PFXF: Question & AnswerCoulter Regal, CFA, Associate Product ManagerAugust 12, 2021
In today’s yield starved environment, many investors have expanded their search for income to opportunities beyond traditional debt. Preferred Securities (preferreds) have been one such alternative income source that has seen growing attention. This blog is intended to answer frequently asked questions on preferreds and VanEck’s Preferred Securities ex Financials ETF (PFXF).
What is PFXF and Why Preferred Securities?
The VanEck Vectors Preferred Securities ex Financials ETF (PFXF) offers investors differentiated exposure to the U.S.-listed preferred securities market by tracking an index that excludes securities issued by financial companies, which historically have dominated broad-based preferred indices. Preferreds are hybrid securities that can offer investors a unique mix of both bond and equity like features. They have seen growing interest as of late, particularly for their potential high income profile as they may offer greater yield than that of a company’s common equity and senior debt. Additionally, preferreds have generally exhibited low correlations with equities and traditional fixed income instruments making them a useful diversifier in portfolios. Many investors use preferreds as a complement to their portfolio’s core fixed income allocation alongside or, in place of high yield debt.
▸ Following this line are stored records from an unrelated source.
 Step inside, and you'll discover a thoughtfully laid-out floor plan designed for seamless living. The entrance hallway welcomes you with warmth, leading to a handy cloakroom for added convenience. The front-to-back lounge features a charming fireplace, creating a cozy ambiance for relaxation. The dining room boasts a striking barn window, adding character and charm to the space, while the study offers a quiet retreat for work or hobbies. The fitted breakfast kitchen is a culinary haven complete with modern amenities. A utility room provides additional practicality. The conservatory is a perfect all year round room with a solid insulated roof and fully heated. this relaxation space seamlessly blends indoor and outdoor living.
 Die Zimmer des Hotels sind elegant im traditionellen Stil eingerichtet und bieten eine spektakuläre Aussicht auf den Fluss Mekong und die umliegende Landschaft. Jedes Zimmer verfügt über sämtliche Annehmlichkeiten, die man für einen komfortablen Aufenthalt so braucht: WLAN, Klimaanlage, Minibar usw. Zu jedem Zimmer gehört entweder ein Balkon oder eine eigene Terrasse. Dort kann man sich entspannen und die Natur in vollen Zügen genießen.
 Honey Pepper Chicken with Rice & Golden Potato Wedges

For more information on PFXF, visit the product webpage here.
What are Hybrid Securities?
Preferreds are considered hybrid securities (hybrids), meaning they have characteristics of both equities and traditional debt. Hybrids may give investors a fixed or floating rate of return and may pay returns as interest or as dividends. Some hybrids return their face value to the holder when they mature and others are considered perpetual, paying the holders for as long as the company is in business. There are many types of hybrid securities, but beyond traditional preferred stock, one of the more common types of hybrids are exchange-traded convertibles which, have some features of an ordinary bond, like a consistent income stream, but can also be converted into a predetermined number of common stock in the issuing company. This convertible feature allows the holder to benefit from rising share prices in the underlying stock.
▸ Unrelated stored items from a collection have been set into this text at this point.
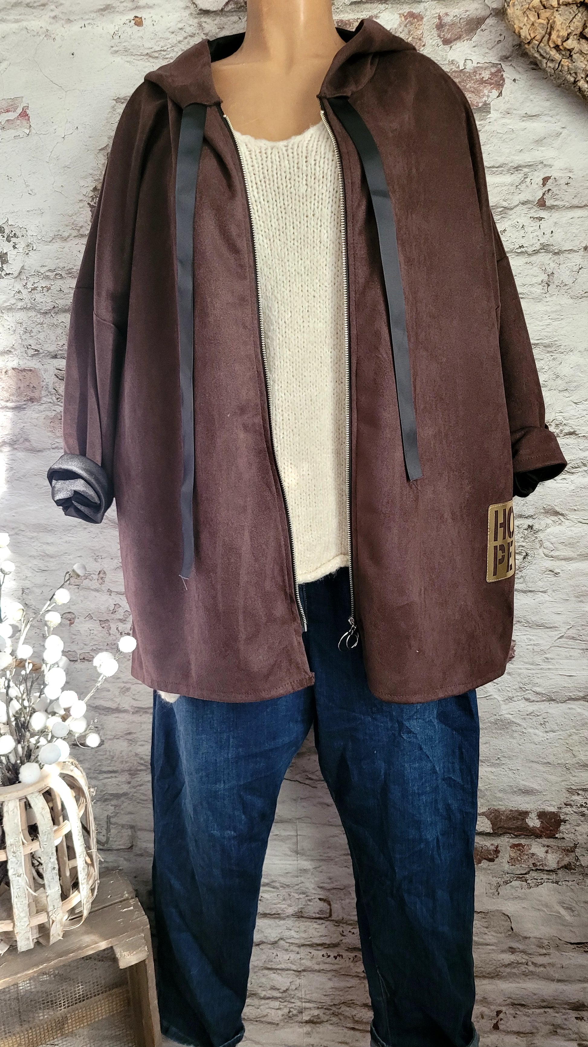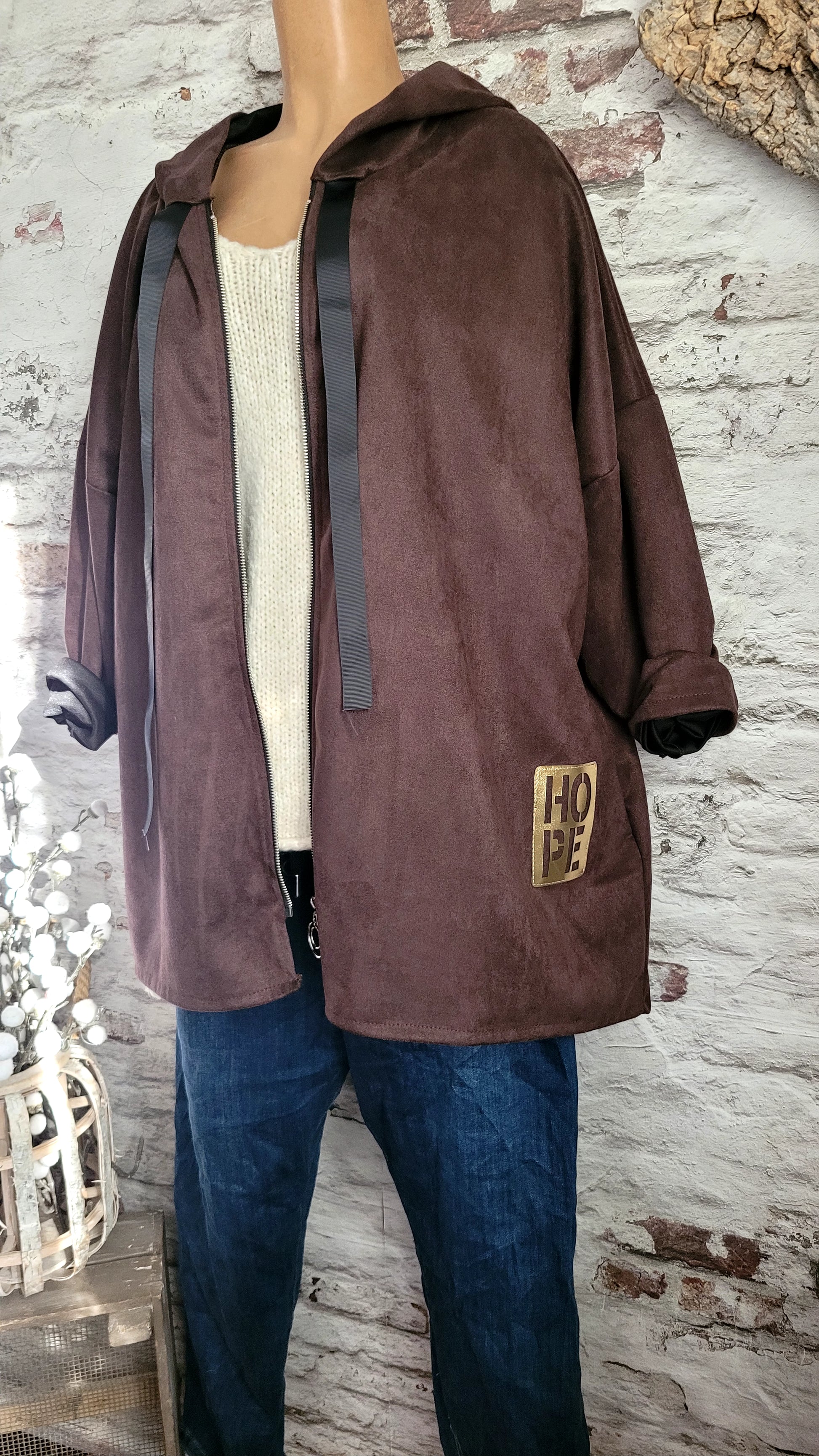 🌺Veste à Capuche en Suédine Douce - Coupe Oversize Asymétrique"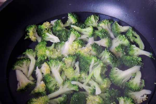 5.鍋中放入清水,大火煮至沸騰,加入少許鹽和食用油,然後將西蘭花放入沸水鍋中,焯燙30秒左右,撈出來浸入涼水裡面降溫,然後瀝幹水分備用。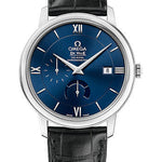 39.5 mm stainless steel case, domed scratch-resistant sapphire crystal with anti-reflective treatment inside, blue dial with Roman numerals and index hour markers, self-winding chronometer Omega 2627 movement with Co-Axial Escapement, date, power reserver, and small seconds, approximately 48 hours of power reserve, black leather strap. Water resistant to 100 m.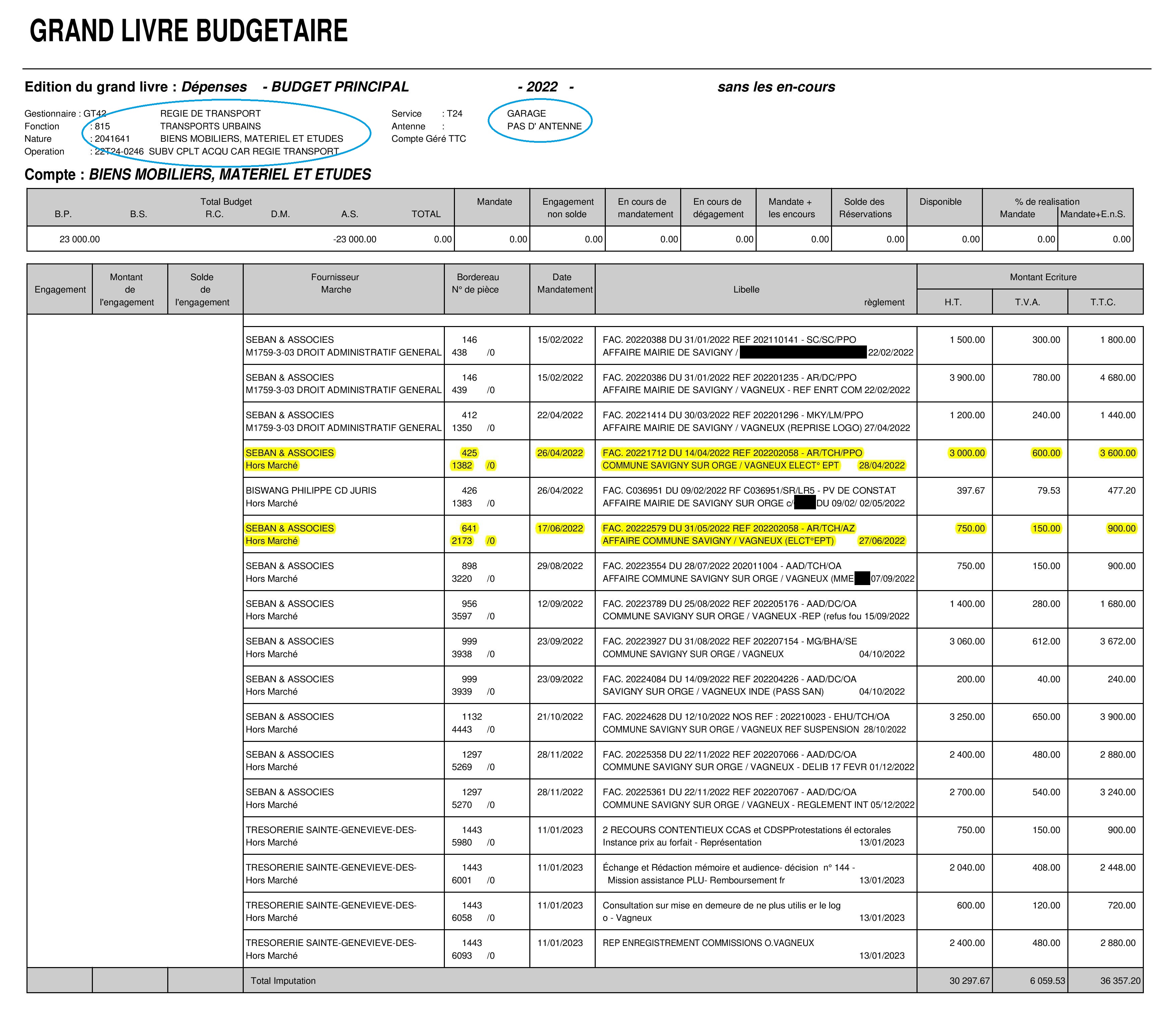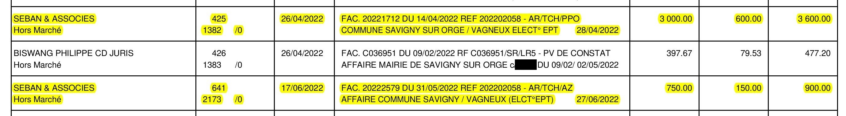 Ici, les mandats de paiement des factures d’avocat par la Commune !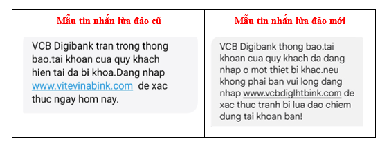 Đây là các thủ đoạn đã được ngân hàng và các cơ quan báo chí đã liên tục cảnh báo trong thời gian qua và đang có diễn biến phức tạp. Các đối tượng lừa đảo liên tục thay đổi nội dung tin nhắn SMS giả mạo để thực hiện hành vi lừa đảo.

Why Exclude Financial Preferreds?
After the financial crisis of 2008, banks began issuing a significant amount of preferred stock to meet the higher capital levels required by regulators. This proliferation of preferreds issuance by financials has led to an over concentration of the sector, which now makes up over 65% of the U.S. preferreds market.1 PFXF helps limit this unnecessary sector concentration by targeting preferred securities issued by companies that operate outside of the financial sector, offering differentiated exposure, without sacrificing yield potential, compared to most broad-based preferred strategies. Beyond increased sector diversification, ex financial preferreds also display a few other notable features, including an increased proportion of preferreds paying cumulative distributions and a lower proportion of preferreds with a call feature relative to financial preferreds.
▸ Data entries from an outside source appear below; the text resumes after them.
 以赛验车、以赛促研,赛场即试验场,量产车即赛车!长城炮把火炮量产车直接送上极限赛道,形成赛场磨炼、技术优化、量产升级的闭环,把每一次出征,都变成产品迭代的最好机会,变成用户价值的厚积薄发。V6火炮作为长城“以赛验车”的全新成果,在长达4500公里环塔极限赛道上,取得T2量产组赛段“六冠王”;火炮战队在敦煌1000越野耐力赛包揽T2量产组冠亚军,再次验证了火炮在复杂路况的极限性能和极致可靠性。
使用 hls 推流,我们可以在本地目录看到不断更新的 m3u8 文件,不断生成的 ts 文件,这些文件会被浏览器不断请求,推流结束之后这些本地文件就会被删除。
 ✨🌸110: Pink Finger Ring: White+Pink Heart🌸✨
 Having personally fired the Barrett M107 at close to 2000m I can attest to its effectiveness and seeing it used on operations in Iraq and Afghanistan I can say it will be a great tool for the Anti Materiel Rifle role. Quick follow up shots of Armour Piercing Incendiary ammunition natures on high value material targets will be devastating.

Why are Many Preferreds Not Rated?
One characteristic that many investors notice when researching the preferred securities market is that much of the universe is not rated by the major credit rating agencies like Moody’s or Standard & Poor’s. This is largely because many preferred issuers simply chose not to pay rating agencies to rate their preferred/hybrid issues. There are a number of reasons that a company will choose not to have its preferreds rated that have nothing to do with the company's wellbeing, including they may already have a credit rating on much of their debt or their primary investors just don’t demand the ratings. Whatever the reason, choosing to not have a credit rating doesn’t necessarily mean the company's wellbeing is in jeopardy or that the preferred issue is bad risk. However, like any debt instrument, potential for default or delayed payment is still a risk that investors should weigh when considering an allocation to preferreds.
Does PFXF Pay Qualified Dividend Income?
Some preferred securities pay dividends that are treated as qualified income by the Internal Revenue Service, meaning they are taxed at the more favorable rate of long-term capital gains instead of ordinary income. Any qualified income received by PFXF from its underlying holdings will pass through to shareholders also as qualified income. The portion of the fund’s dividend that is considered qualified income will vary as the fund’s underlying holdings change overtime. Please visit VanEck’s Tax Center for more information on the portion of qualified dividend income paid by PFXF.
Are Preferreds Sensitive to Interest Rate Changes?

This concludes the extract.